Led by Hediki Kato of Division of Nephrology and Endocrinology, The University of Tokyo Graduate School of Medicine: a team of Japanese clinicians along with The Joint Committee for the Revision of Clinical Guides of Atypical Hemolytic Uremic Syndrome in Japan published a paper in 2016 setting out how aHUS should be diagnosed and treated in Japan.
The paper can be see here.
Japanese aHUS patients have had access to eculizumab following approval by Japanese health authorities in January 2015.
Japan was the first to identify a C5 mutation polymorphism in some patients which made PNH patients resistant to eculizumab rsulting in no blockage of the Complement cascade.
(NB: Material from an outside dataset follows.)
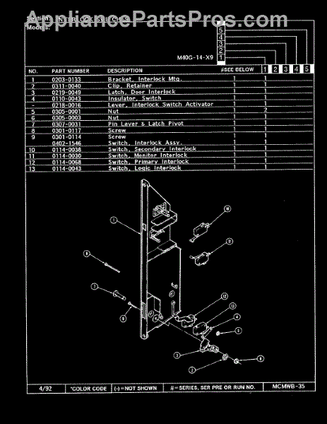 Parts for Magic Chef M40G-14-X9: 04 - Interlock Switches Parts

Of 345 Japanese patients with PNH who received eculizumab, 11 patients had a poor response. All 11 had a single missense C5 heterozygous mutation, c.2654G → A *, which predicts the polymorphism p.Arg885His.
The prevalence of this mutation among the patients with PNH (3.2%) was similar to that among healthy Japanese persons (3.5%). This polymorphism was also identified in a Han Chinese population.
A patient in Argentina of Asian ancestry who had a poor response had a very similar mutation, c.2653C → T, which predicts p.Arg885Cys.
see abstract here
Some Japanese patients therefore need access to an alternative complement inhibitor.